While the online surge has been shaking up retail the world over, last year South Korean department store operators became the biggest casualties of the trend. And they’ve got more woes ahead.
The sector suffered its first sales decline in a decade during 2014 as South Koreans went shopping on their smartphones, according to data from Statistics Korea.
Department store sales slipped 1.9% year-on-year to KRW29.2trn as online sales surged 17.5% on-year to nearly KRW45.2trn. That rise was mainly driven by mobile shopping, which leapt 126% to KRW14.8trn.
Those figures wouldn’t be a problem in themselves for department store chains as their strength in the domestic market potentially positions them to maximise their returns from e-tail. So what’s the problem?
With m-commerce seen as the biggest growth area for retail at the moment and shoppers in Asia use their phones as their first port of call for web browsing, savvy domestic retailers are working hard on their omnichannel strategies. All fine so far.
But – and of course, there’s always a ‘but’ – some of the biggest growth is coming from online shopping from overseas sites. Last year, South Koreans spent $975m buying clothing, bags and footwear from overseas sites. That’s not a huge figure in relation to Korean retail overall but it was up 37% from $709.3m a year earlier, according to the Korea Customs Service (KCS). And that growth is continuing.
Not that department stores can blame consumers for buying products online that they themselves don’t sell.
Nearly half of products sold at online were fashion/apparel and beauty items.
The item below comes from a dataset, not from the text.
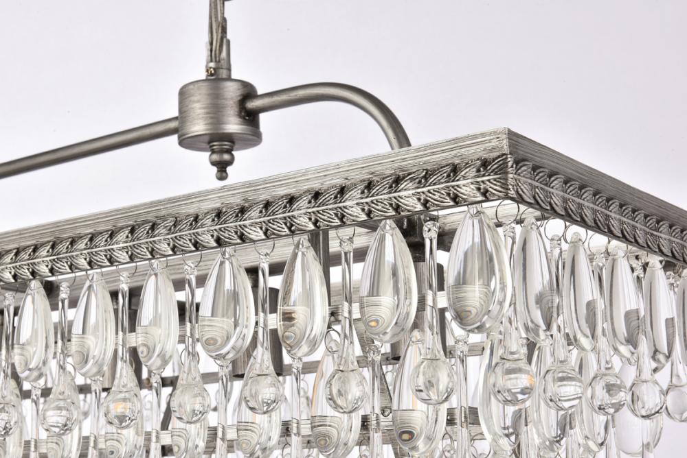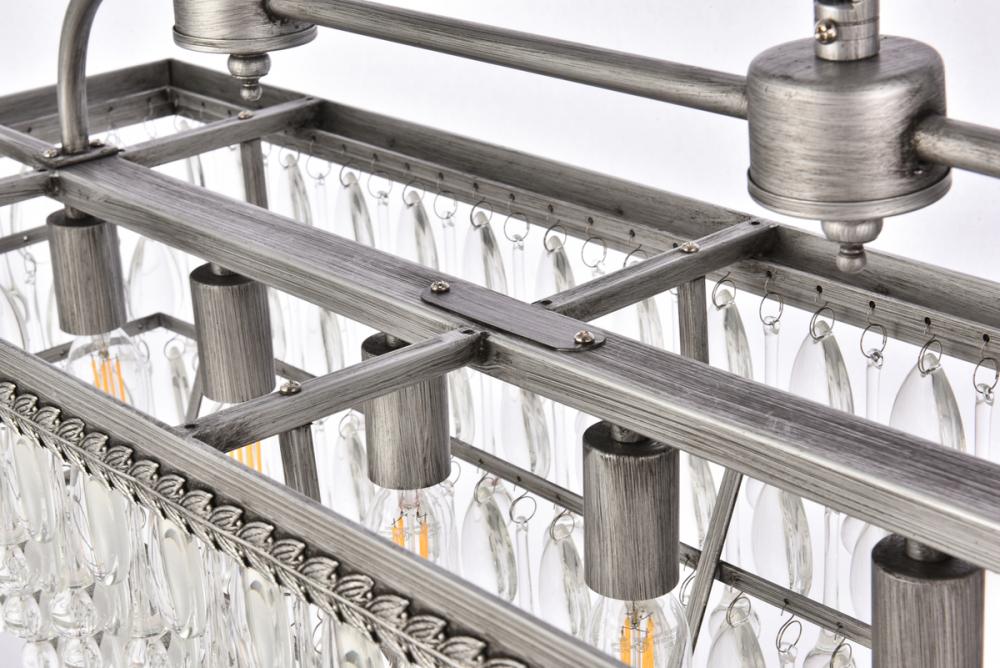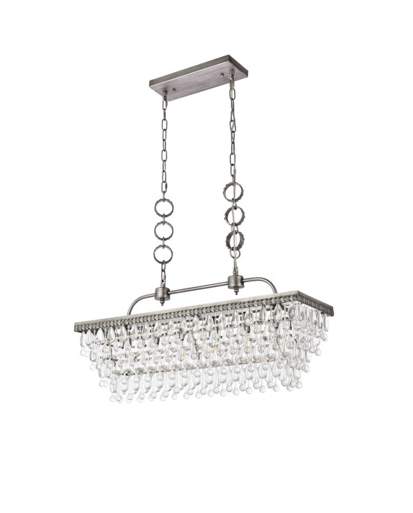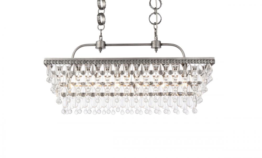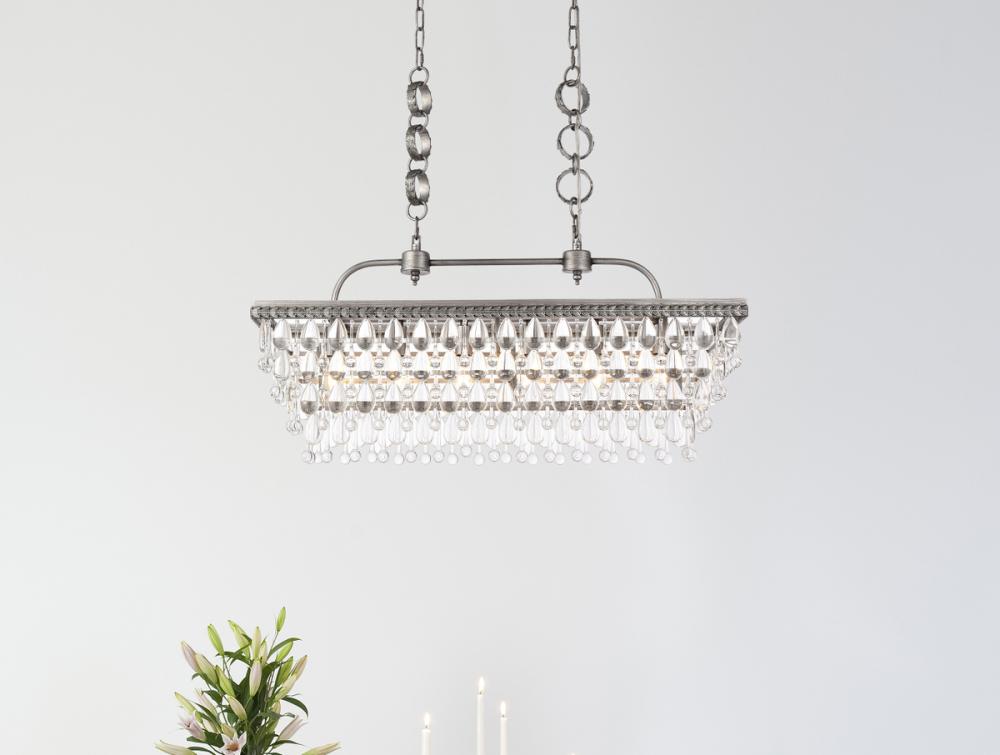 Like the sun setting on a frozen lake, this collection shimmers with tiers of icy crystals reflecting the soft glow of the candelabras. True to its Nordic namesake, the cascades of clear crystals complement the etched metal frame. Suspended by an elegantly looped chain that draws the eye to the cool sheen below. Perfect to place over your dining table.

Beauty sales increased 26.8% year-on-year, while fashion/clothing jumped 16.7%, according to the data.
There were nearly 15.53m direct deals worth $1.54bn reported last year, the KCS said.
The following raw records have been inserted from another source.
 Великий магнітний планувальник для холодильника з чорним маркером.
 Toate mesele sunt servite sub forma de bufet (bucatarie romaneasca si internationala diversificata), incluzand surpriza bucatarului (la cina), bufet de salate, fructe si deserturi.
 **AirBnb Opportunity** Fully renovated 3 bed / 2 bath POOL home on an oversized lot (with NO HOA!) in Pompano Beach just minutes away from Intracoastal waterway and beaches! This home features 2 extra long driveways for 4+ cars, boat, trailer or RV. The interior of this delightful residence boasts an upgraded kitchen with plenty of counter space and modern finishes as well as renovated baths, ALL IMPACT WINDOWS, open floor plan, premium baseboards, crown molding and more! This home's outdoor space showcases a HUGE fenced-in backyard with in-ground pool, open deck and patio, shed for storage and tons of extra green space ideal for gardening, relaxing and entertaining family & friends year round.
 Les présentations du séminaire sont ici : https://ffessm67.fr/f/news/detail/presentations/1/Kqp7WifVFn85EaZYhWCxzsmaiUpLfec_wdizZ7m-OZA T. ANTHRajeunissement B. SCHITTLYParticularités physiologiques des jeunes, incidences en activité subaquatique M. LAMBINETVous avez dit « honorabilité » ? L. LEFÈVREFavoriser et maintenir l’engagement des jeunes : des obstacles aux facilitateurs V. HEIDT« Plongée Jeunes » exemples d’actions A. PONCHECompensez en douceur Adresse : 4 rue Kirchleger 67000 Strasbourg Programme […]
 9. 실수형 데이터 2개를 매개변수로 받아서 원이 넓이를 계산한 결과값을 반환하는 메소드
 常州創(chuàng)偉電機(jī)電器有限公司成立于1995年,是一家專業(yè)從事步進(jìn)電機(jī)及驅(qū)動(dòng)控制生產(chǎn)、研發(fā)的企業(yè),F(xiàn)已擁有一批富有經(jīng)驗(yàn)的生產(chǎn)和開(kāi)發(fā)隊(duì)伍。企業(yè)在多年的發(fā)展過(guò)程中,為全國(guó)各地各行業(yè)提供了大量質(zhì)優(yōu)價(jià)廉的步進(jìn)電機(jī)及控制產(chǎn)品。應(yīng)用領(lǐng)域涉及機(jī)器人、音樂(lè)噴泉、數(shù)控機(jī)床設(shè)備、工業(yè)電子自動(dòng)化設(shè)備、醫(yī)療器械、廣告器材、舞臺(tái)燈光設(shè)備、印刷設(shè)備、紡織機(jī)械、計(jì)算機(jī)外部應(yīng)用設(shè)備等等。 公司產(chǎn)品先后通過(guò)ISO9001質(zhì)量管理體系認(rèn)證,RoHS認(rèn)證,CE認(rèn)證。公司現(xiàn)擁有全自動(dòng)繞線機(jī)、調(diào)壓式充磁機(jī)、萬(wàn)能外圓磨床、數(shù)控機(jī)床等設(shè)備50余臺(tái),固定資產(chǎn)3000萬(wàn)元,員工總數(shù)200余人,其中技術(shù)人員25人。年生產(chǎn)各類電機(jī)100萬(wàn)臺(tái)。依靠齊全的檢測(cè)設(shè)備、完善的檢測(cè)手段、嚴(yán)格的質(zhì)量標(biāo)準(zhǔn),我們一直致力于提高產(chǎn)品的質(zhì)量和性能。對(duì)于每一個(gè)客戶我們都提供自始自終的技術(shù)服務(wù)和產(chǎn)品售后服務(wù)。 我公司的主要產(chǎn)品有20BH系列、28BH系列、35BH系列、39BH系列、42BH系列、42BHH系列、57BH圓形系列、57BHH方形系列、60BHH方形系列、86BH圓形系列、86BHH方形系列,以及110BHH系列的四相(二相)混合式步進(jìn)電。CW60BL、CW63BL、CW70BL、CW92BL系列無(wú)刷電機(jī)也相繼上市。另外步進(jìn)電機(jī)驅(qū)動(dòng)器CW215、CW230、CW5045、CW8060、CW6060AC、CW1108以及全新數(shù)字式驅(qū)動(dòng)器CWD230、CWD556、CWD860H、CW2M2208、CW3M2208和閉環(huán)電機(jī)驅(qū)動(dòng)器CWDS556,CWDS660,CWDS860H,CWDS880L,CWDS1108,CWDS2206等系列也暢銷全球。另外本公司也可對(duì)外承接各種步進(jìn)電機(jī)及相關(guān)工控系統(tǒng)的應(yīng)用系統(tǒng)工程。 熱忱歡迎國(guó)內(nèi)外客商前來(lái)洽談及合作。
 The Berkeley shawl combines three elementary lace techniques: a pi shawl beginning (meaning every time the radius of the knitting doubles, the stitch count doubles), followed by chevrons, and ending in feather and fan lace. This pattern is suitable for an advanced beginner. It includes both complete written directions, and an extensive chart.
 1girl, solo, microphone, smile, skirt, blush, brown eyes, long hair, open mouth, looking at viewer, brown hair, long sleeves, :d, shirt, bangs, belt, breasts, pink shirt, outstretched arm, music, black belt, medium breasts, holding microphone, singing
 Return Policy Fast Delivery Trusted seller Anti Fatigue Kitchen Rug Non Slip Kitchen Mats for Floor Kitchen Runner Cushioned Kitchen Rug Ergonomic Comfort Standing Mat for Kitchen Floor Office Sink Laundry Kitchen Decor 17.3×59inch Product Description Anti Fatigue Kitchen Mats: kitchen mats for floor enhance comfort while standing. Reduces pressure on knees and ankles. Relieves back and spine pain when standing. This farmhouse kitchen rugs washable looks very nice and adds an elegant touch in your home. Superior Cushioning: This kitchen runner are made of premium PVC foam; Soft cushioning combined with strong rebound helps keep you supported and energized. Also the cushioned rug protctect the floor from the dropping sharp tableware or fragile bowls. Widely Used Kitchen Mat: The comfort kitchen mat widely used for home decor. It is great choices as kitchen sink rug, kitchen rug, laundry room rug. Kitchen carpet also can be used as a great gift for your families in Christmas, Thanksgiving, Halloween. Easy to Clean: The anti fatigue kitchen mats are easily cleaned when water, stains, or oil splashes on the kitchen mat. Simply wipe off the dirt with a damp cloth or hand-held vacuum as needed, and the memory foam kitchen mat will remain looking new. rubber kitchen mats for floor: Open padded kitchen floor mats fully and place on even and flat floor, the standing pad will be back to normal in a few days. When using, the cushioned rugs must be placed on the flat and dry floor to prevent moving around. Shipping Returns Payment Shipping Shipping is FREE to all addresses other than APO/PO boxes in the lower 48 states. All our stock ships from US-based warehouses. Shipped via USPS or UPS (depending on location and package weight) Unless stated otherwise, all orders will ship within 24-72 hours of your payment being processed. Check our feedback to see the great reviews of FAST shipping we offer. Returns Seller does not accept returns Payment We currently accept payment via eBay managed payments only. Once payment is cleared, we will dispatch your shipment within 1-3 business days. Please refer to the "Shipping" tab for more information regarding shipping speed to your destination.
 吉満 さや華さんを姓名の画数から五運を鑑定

Officials and analysts highlighted the fact that department stores took the brunt of the boom in online shopping and direct buying from overseas online shopping malls, noting they will also face tougher challenges ahead from the trend.
“Overall, the shopping trend is shifting to online market places, which has resulted in reducing the number of customers at department stores,” Hong Sung-soo, a senior analyst at NH Investment and Securities told The Korean Times. “I think deep-pocketed people will remain loyal to the stores, while the loyalty of middle- and low-income earners will continue to wane.”